- [EXTRACTED RECORDS]
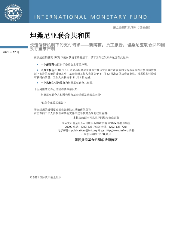 【IMF】【202112】坦桑尼亚联合共和国:根据快速信贷融资申请付款 - 新闻稿;员工报告;坦桑尼亚联合共和国执行主任的声明-20页
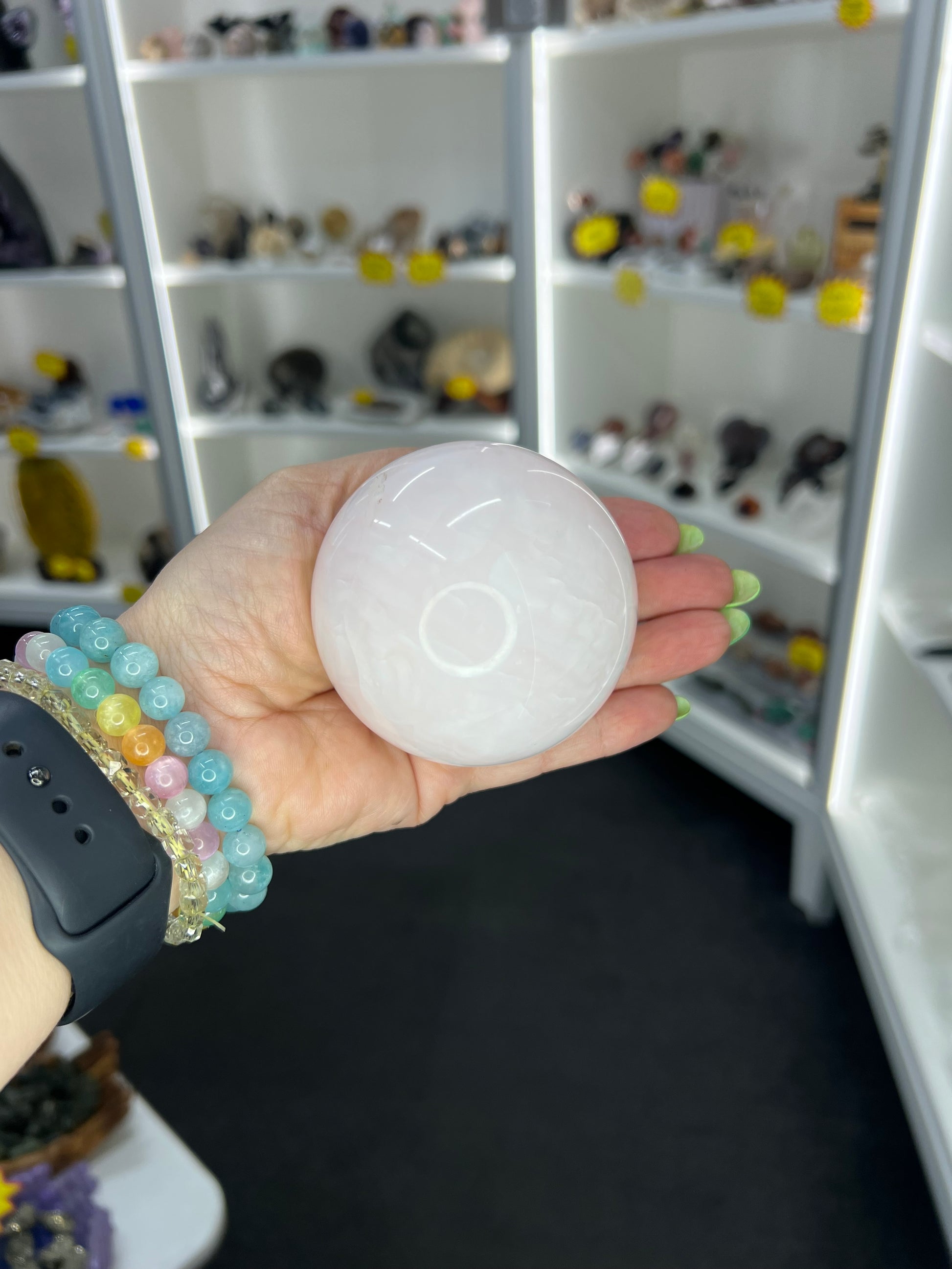 Pink Calcite Sphere on Stand
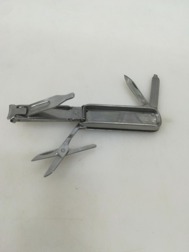 Contains man sized super strong and sharp nail clippers for the hardest nails. Clippers spring out from the ergonomically shaped Stainless steel body. It also houses a sharp blade, nail file, and flat edged screwdriver and a pair of self sprung sharp scissors.
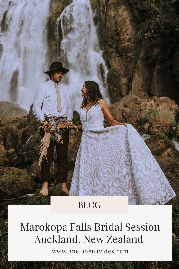 Destiny + Jarreau have been dating for years now and actually met at Raglan Beach. They had known eachother thru mutual friends but never actually met till spending the day at Raglan. They eventually after talking for a bit started dating! They were so dang cute together even though they’re not married they were down for this Bridal styled shoot! We hiked to Marokopa Falls in Auckland, New Zealand and I am so happy we made the trip over! We got entirely muddy, I lost my shoes in knee deep mud, we got wet from the hip down and slipped a few times in the water trying to carry our gear over but it was ALL SO WORTH IT!!!!
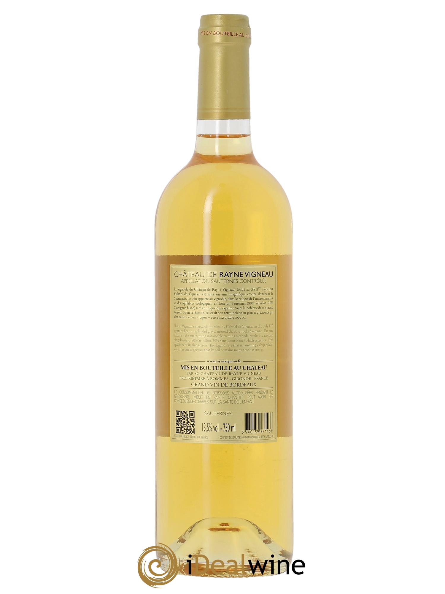 La butte de Rayne Vigneau est connue des géologues pour ses pierres précieuses (agathes, améthystes, onyx, saphirs), mais aussi pour l'exceptionnel terroir au sol graveleux et argileux du château de Rayne Vigneau, implanté sur une superbe croupe qui domine toute l'appellation. La création du domaine lui-même, par la famille de Vigneau, remonte au XVIIè siècle. En 1681, Etienne du Vigneau, époux de Jeanne Sauvage (la fille du seigneur d'Yquem) prend les rênes de la propriété. Racheté en 1834 par Madame de Rayne, le vin accède au rang de premier cru lors du classement des crus du Sauternais, qui intervient en 1855. Plusieurs propriétaires se sont succédé, jusqu'au rachat du vignoble par la société CA Grands Crus (Crédit Agricole) en 2004. Sous l'impulsion d'Anne Le Naour, Directrice Technique des propriétés de CA Grands Crus, rejointe par Vincent Labergère, Responsable Technique du Château de Rayne Vigneau et avec les conseils de Denis Dubourdieu, un plan d'optimisation du vignoble a été initié, menant notamment en 2007 à la certification en agriculture raisonnée. Celle-ci est obtenue en 2007. Cet agrément implique notamment une utilisation raisonnée des apports d'engrais et des traitements phytosanitaires. Une démarche qualitative pour ce vignoble qui couvre 80 hectares d'un seul tenant. Les vignes, d'un âge moyen de trente ans, bénéficient de la proximité du Ciron. Cet affluent de la Garonne contribue à la formation de brumes matinales propices au développement du fameux botrytis cinerea. Le domaine a été cédé en 2015 au Groupe Trésor du Patrimoine (qui possède "L'Homme Moderne").

- [YOUR TASK]
Go from the first line of the listing to the line holding "Contains man sized" and, please, transcribe those lines exactly, both included, with no pictures.

- [TASK SOLUTION]
 【IMF】【202112】坦桑尼亚联合共和国:根据快速信贷融资申请付款 - 新闻稿;员工报告;坦桑尼亚联合共和国执行主任的声明-20页
 Pink Calcite Sphere on Stand
 Contains man sized super strong and sharp nail clippers for the hardest nails. Clippers spring out from the ergonomically shaped Stainless steel body. It also houses a sharp blade, nail file, and flat edged screwdriver and a pair of self sprung sharp scissors.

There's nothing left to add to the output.